I have a 5 year old Rolex Sub that has not had any servicing and I far from baby it. Its accurate to about 2 min a month!


----------



## Lars (Jan 3, 2004)

*Re: second hands - \'tick\' vs. \'sweep\'*

If you really want a smooth "sweep" look into vintage Accutrons.Mine is accurate to within 15 seconds a month and you can't find a smoother "sweep".Vintage tend to be somewhat small by today's standards but you can find some tremendous bargains.Timezone is not the best place to go for objectivity on Rolex,folks tend to be polarized on the issue.Bottom line with high end watches (not that Rolex even qualifies as high end) is that they are all overpriced if telling time is all you care about.If aesthetics and craftsmanship enter the equation then anything goes.I own and enjoy watches that run the gamut from the G-shock atomic solar on my wrist now through Rolex and on to true high end and as the song says "love the one you're with". 
cheesehead-Go Pack!


----------



## tiktok 22 (Jan 3, 2004)

*Re: second hands - \'tick\' vs. \'sweep\'*

I've always considered purchasing a Rolex sub but was concearned with the black bezel scratching. Do you have much trouble with this problem? Have you had to have it replaced due to scratching?


----------



## MeridianTactical (Jan 3, 2004)

*Re: second hands - \'tick\' vs. \'sweep\'*

Hi tiktok 22,

No, the bezel is not at all scratched! It should be by the amount of times I have smacked the thing over the past 5 Years! 
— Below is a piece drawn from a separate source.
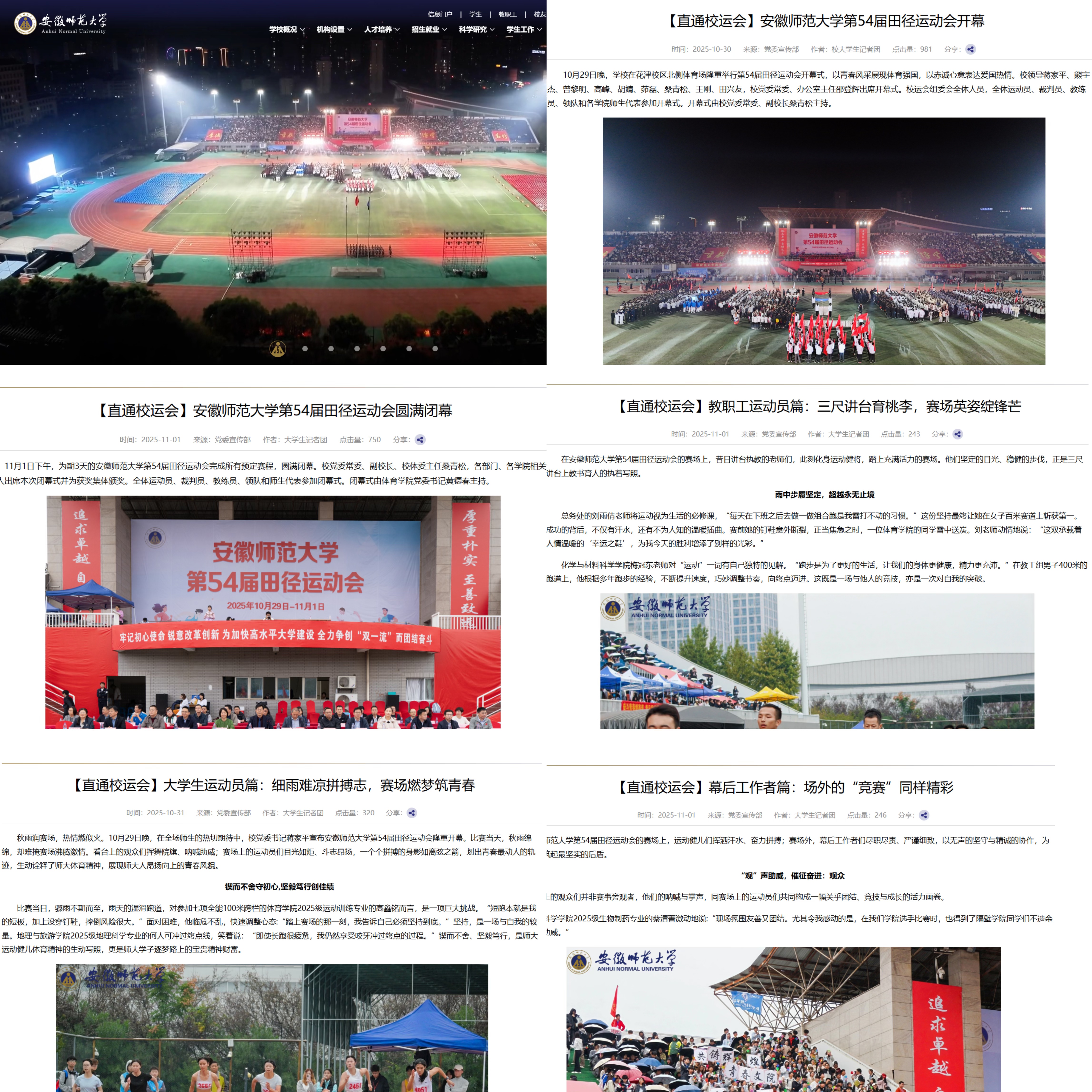 校内宣传平台持续深耕,在校园网主页策划设立【直通校运会】专题专栏,组织大学生记者团学生记者深入赛场一线,聚焦开闭幕式盛况、师生运动员的拼搏瞬间、裁判员及后勤保障人员等幕后工作者,累计采写发布5篇新闻报道,生动展现了师生们拼搏向上、团结奋进的体育精神。宣传团队同步强化可视化表达,设计制作校园网首页Banner动图,以动态集锦形式呈现开幕式及赛事高光时刻,立体展示校运会精彩瞬间。

Here is a pic of the Seiko I mentioned above next to the Rolex.


----------



## tiktok 22 (Jan 3, 2004)

*Re: second hands - \'tick\' vs. \'sweep\'*

Thanks for the pic. /ubbthreads/images/graemlins/smile.gif


----------



## GJW (Jan 3, 2004)

*Re: second hands - \'tick\' vs. \'sweep\'*

How's the glow on the Seiko?


----------



## MeridianTactical (Jan 3, 2004)

*Re: second hands - \'tick\' vs. \'sweep\'*

Very good once its hit with a flashlight, but tapers off... Even the Rolex dims..


----------